■ Work request
Using the entries below, copy out all lines where "over" is found.

++++ Study material ++++

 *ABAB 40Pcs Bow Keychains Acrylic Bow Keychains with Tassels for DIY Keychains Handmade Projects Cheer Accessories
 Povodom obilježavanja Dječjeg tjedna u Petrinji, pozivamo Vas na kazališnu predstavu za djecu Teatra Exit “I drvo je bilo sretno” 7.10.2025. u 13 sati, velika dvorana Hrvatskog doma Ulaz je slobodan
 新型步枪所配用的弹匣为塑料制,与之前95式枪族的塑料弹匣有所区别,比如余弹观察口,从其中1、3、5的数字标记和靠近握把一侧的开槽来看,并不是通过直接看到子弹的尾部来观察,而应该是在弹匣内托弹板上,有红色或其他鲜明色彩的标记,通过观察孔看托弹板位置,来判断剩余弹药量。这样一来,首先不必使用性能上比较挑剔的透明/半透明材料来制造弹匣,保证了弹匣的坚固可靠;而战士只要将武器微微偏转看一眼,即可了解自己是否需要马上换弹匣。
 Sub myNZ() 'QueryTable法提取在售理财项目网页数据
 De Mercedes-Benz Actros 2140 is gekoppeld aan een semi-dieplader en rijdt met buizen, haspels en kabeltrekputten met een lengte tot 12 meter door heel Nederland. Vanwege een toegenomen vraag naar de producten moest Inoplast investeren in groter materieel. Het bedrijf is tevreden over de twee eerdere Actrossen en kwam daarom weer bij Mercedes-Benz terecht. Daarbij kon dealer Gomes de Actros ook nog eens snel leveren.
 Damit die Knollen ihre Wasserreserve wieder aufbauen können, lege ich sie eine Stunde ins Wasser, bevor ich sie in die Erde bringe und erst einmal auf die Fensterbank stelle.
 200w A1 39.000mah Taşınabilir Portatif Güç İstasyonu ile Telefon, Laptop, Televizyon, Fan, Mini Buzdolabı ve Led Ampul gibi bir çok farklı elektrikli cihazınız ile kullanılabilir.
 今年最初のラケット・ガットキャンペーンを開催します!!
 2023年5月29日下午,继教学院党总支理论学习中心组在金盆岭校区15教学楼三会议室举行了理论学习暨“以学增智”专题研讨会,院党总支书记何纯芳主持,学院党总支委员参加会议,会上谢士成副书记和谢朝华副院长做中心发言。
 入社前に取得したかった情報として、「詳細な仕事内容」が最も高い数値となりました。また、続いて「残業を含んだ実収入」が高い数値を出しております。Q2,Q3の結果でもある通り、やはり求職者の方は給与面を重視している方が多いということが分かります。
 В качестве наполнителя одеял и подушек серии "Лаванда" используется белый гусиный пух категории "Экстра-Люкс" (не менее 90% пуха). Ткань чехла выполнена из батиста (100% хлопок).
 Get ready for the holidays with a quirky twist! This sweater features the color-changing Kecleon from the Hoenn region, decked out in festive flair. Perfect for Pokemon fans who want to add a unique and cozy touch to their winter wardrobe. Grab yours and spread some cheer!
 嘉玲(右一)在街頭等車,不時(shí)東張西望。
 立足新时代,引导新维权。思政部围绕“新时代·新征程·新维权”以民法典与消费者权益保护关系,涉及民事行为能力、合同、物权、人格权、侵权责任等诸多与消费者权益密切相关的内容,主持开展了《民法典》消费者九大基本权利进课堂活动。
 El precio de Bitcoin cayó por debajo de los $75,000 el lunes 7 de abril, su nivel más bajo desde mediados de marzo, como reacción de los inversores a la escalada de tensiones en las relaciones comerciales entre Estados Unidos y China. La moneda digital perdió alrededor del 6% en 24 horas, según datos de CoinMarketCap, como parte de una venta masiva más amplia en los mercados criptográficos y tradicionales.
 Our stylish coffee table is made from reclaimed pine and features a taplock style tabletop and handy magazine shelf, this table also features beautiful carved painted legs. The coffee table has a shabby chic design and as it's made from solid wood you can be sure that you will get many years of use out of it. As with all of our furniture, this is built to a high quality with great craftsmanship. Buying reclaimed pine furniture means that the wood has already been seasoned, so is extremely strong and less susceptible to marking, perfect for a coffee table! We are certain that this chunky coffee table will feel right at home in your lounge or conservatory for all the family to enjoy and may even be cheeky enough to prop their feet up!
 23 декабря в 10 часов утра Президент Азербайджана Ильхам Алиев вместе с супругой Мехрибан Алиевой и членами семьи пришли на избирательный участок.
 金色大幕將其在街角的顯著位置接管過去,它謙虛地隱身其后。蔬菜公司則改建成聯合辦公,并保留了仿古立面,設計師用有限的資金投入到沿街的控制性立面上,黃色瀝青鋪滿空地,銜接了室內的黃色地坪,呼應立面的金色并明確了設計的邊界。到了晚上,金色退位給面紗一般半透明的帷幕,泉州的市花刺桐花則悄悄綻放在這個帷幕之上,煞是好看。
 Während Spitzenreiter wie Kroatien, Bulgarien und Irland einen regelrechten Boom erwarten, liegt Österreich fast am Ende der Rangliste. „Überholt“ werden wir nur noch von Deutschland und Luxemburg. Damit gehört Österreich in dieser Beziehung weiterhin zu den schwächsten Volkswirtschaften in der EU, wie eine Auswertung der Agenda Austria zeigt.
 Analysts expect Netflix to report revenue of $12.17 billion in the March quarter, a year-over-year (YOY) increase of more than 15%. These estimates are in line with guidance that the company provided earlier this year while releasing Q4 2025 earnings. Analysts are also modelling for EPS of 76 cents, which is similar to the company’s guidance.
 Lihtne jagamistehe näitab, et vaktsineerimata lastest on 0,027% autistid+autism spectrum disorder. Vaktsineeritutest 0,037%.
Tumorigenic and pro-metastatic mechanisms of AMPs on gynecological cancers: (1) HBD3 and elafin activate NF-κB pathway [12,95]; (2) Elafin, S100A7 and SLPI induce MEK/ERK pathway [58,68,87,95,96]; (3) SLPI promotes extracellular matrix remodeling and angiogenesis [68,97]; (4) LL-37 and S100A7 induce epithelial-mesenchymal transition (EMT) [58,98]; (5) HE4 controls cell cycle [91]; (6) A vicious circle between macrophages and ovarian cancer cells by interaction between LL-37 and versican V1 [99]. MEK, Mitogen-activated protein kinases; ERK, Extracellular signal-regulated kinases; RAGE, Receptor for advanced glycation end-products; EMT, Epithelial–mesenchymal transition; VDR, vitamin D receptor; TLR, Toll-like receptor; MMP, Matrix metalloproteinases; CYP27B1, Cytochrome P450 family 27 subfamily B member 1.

++++

■ Your solution
 De Mercedes-Benz Actros 2140 is gekoppeld aan een semi-dieplader en rijdt met buizen, haspels en kabeltrekputten met een lengte tot 12 meter door heel Nederland. Vanwege een toegenomen vraag naar de producten moest Inoplast investeren in groter materieel. Het bedrijf is tevreden over de twee eerdere Actrossen en kwam daarom weer bij Mercedes-Benz terecht. Daarbij kon dealer Gomes de Actros ook nog eens snel leveren.
 Analysts expect Netflix to report revenue of $12.17 billion in the March quarter, a year-over-year (YOY) increase of more than 15%. These estimates are in line with guidance that the company provided earlier this year while releasing Q4 2025 earnings. Analysts are also modelling for EPS of 76 cents, which is similar to the company’s guidance.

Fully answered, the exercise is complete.